━━━━━ AVAILABLE DATA ━━━━━

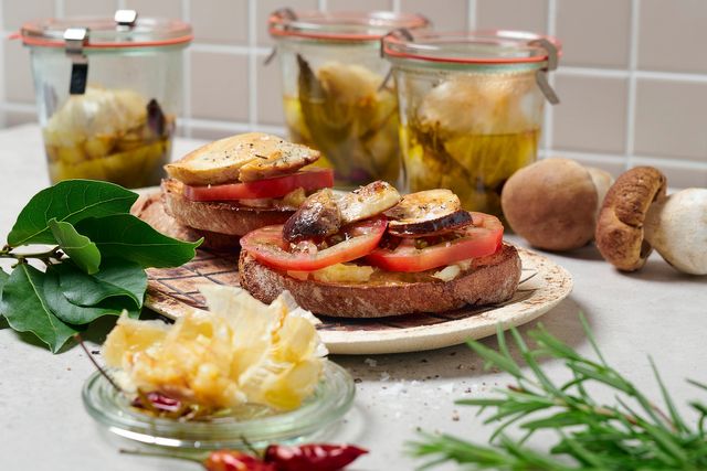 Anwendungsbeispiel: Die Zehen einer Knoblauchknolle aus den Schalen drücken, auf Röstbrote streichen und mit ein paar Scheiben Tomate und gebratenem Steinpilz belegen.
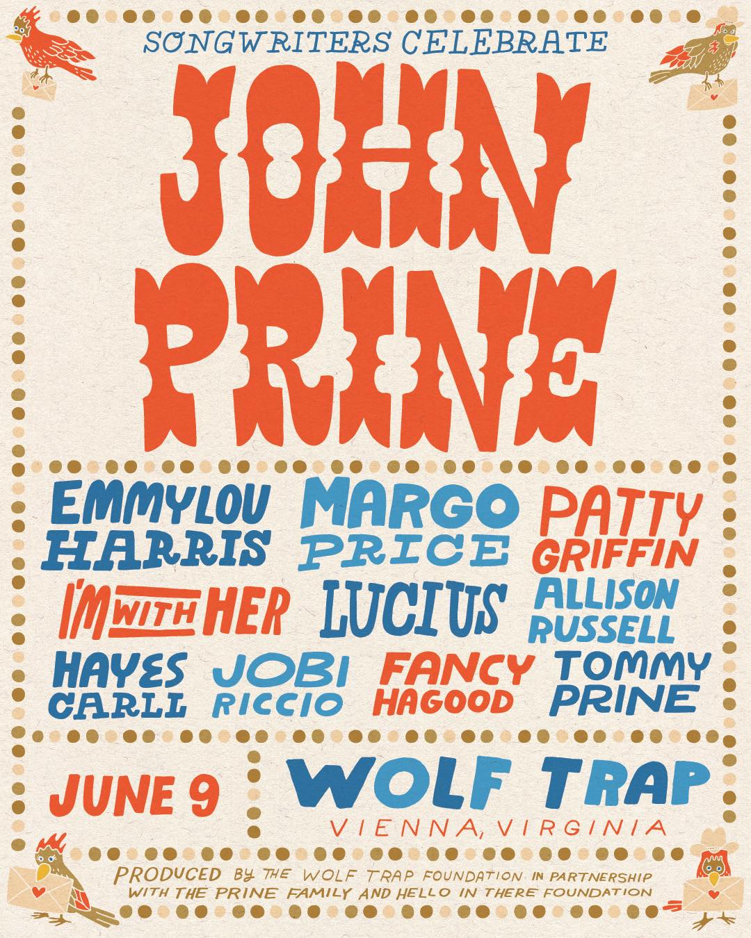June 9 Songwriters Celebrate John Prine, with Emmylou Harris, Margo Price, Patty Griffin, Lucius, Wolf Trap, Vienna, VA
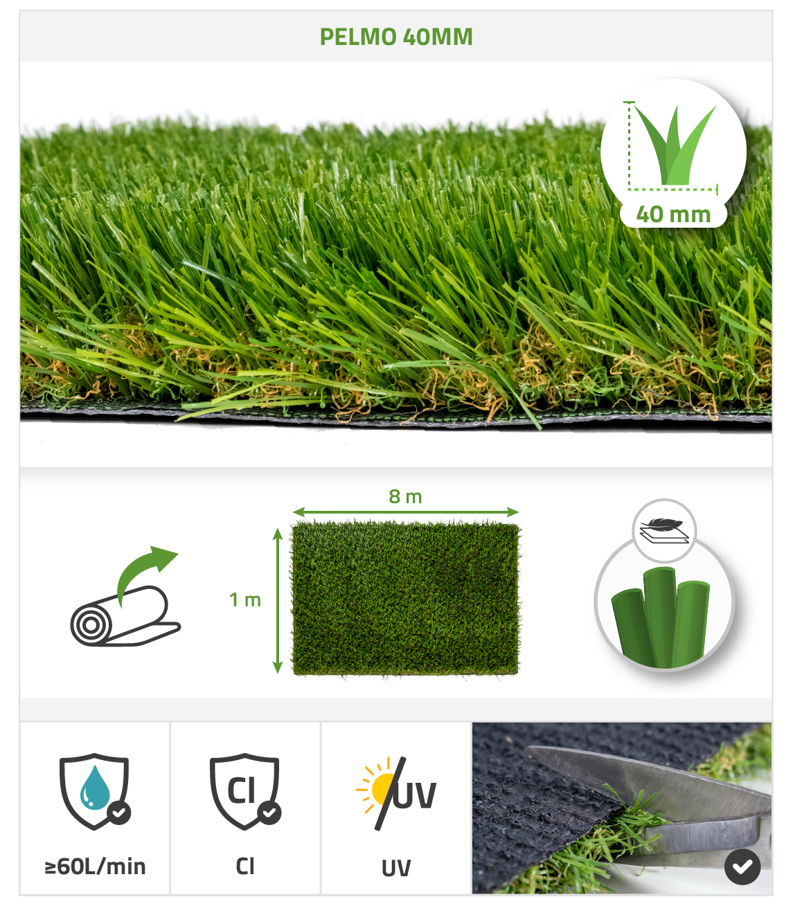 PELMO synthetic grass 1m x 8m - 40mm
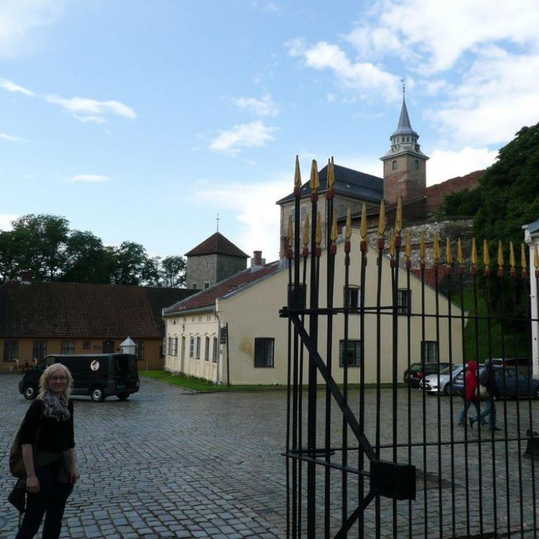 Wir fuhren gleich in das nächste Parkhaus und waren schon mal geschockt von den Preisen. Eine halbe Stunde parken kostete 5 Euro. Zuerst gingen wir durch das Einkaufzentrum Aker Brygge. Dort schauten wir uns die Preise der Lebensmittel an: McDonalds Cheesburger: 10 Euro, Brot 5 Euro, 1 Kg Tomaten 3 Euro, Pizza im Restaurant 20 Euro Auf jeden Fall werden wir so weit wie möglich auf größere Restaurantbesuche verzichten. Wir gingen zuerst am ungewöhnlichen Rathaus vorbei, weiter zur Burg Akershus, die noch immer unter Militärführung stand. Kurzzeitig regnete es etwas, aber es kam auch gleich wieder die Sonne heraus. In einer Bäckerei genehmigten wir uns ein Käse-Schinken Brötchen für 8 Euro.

━━━━━

WORK ORDER:
Up to and including the line with "PELMO synthetic grass 1m x 8m - 40mm", copy the data above from its first line. Skip pictures.

FINISHED TASK:
 Anwendungsbeispiel: Die Zehen einer Knoblauchknolle aus den Schalen drücken, auf Röstbrote streichen und mit ein paar Scheiben Tomate und gebratenem Steinpilz belegen.
June 9 Songwriters Celebrate John Prine, with Emmylou Harris, Margo Price, Patty Griffin, Lucius, Wolf Trap, Vienna, VA
 PELMO synthetic grass 1m x 8m - 40mm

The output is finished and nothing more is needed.